YOUR ASSIGNMENT -
Write the full listing out again, word for word, but omit the pictures.

SUPPLIED MATERIAL Block Start

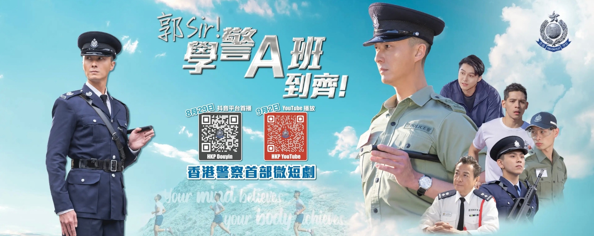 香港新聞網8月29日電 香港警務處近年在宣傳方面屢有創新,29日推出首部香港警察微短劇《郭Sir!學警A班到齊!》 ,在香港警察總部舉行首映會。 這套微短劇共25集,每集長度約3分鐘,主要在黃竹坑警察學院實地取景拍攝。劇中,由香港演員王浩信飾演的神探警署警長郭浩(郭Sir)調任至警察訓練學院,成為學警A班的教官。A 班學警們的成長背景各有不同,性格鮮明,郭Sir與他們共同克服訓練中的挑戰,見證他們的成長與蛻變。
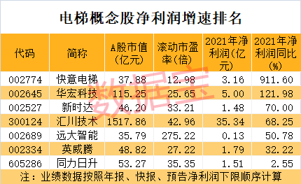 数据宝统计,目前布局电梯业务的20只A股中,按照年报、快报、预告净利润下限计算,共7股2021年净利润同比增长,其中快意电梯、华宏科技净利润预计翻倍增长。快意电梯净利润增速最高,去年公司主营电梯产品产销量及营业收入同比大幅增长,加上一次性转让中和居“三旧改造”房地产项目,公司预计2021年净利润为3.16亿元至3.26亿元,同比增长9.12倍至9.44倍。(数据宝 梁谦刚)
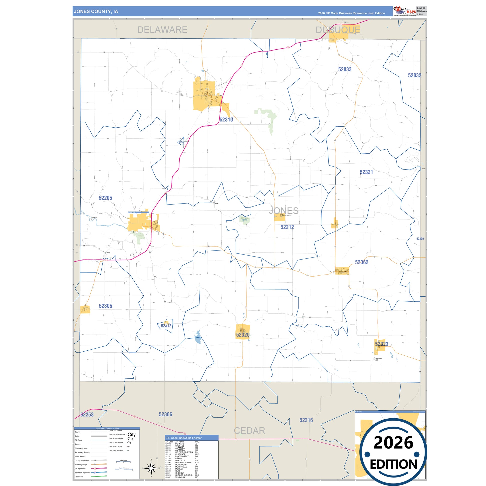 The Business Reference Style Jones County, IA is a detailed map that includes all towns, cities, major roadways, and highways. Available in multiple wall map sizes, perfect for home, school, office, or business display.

SUPPLIED MATERIAL Block End

WRITTEN SOLUTION -
 香港新聞網8月29日電 香港警務處近年在宣傳方面屢有創新,29日推出首部香港警察微短劇《郭Sir!學警A班到齊!》 ,在香港警察總部舉行首映會。 這套微短劇共25集,每集長度約3分鐘,主要在黃竹坑警察學院實地取景拍攝。劇中,由香港演員王浩信飾演的神探警署警長郭浩(郭Sir)調任至警察訓練學院,成為學警A班的教官。A 班學警們的成長背景各有不同,性格鮮明,郭Sir與他們共同克服訓練中的挑戰,見證他們的成長與蛻變。
 数据宝统计,目前布局电梯业务的20只A股中,按照年报、快报、预告净利润下限计算,共7股2021年净利润同比增长,其中快意电梯、华宏科技净利润预计翻倍增长。快意电梯净利润增速最高,去年公司主营电梯产品产销量及营业收入同比大幅增长,加上一次性转让中和居“三旧改造”房地产项目,公司预计2021年净利润为3.16亿元至3.26亿元,同比增长9.12倍至9.44倍。(数据宝 梁谦刚)
 The Business Reference Style Jones County, IA is a detailed map that includes all towns, cities, major roadways, and highways. Available in multiple wall map sizes, perfect for home, school, office, or business display.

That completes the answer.